Additionally, word counts of responses were recorded to assess length and detail.

Key Findings

The study demonstrated statistically significant superiority of ChatGPT-4o across all evaluation metrics (p < 0.01). Notably, ChatGPT-4o’s mean scores were:

– Appropriateness: 5.8 ± 0.5 versus physicians’ 4.3 ± 1.0
– Accuracy: 5.8 ± 0.5 versus physicians’ 4.5 ± 1.1
– Comprehensiveness: 2.4 ± 0.6 versus physicians’ 1.4 ± 0.7
– Empathy: 4.8 ± 0.4 versus physicians’ 4.0 ± 0.8

These differences underscore AI’s capacity not only to provide medically accurate and relevant answers but also to do so with notable empathy, an often unexpected facet of algorithmic response.

The length of responses was considerably longer for ChatGPT-4o (mean 298.8 ± 82.3 words) compared to physicians' answers (mean 106.1 ± 95.0 words), suggesting more detailed elaboration by the AI, which could relate to higher comprehensiveness scores.

In topic-specific analyses, ChatGPT-4o outperformed physicians consistently except in two domains—General Consultation and Child Infections—where the statistical differences approached but did not reach significance (p = 0.07 and 0.08 respectively). These areas may reflect nuanced clinical judgment scenarios where human experience carries particular weight.

Expert Commentary

These findings are compelling, suggesting that AI tools like ChatGPT-4o can augment primary care by enhancing patient education and supporting clinical decision-making with extensive, accurate, and empathetic information. The higher empathy scores challenge conventional wisdom that AI lacks emotional intelligence, implying that carefully trained models can generate responses that resonate with patients’ psychosocial needs.

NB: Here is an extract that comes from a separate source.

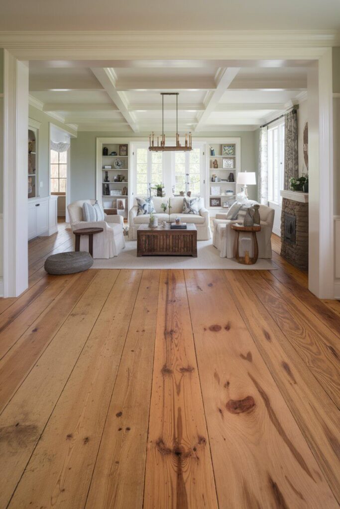 Traditional narrow strips feel formal and modern. Wide planks—especially those showing natural knots, grain variations, and slightly irregular edges—immediately shift the room toward rustic territory. Hand-scraped or wire-brushed finishes enhance the authentic feel.

However, the markedly longer AI responses raise considerations about efficiency and patient preference, emphasizing the need to tailor answer length for practical use. Also, the near-equivalence in General Consultation and Child Infections hints at contexts requiring intricate clinical judgment or culturally contextualized information where seasoned clinicians excel.

Limitations of the study include the controlled, simulated nature of the assessment—real-world clinical scenarios involve dynamic interactions, physical exams, and nuanced decision-making beyond text responses. Moreover, the expert raters’ subjective evaluations, though standardized, may introduce interpretive variability.

Future directions should also investigate AI’s integration into workflow to avoid overburdening clinicians or patients with excessive information and to ensure cultural and linguistic appropriateness across diverse populations.

Conclusion

The comparative analysis by İnan et al. signals a paradigm shift where AI, exemplified by ChatGPT-4o, can effectively supplement family physicians by providing highly appropriate, accurate, comprehensive, and empathetic answers to patient queries in primary care. The potential applications span enhancing patient education, supporting clinical reasoning, and enriching medical training.

For clinical practice, AI could serve as an initial information source or decision support tool, freeing physicians to focus on complex clinical judgments and interpersonal rapport. However, cautious integration with attention to response refinement for brevity and cultural relevance remains crucial.

Continued research should explore real-world studies assessing patient outcomes, satisfaction, and safety, validating AI’s role beyond experimental frameworks. The collaboration between AI and human clinicians promises a future of more accessible, informed, and compassionate primary care.

References

İnan M, Suvak Ö, Aypak C. AI in primary care: Comparing ChatGPT and family physicians on patient queries. Int J Med Inform. 2025 Nov;203:106047. doi: 10.1016/j.ijmedinf.2025.106047. Epub 2025 Jul 12. PMID: 40664020.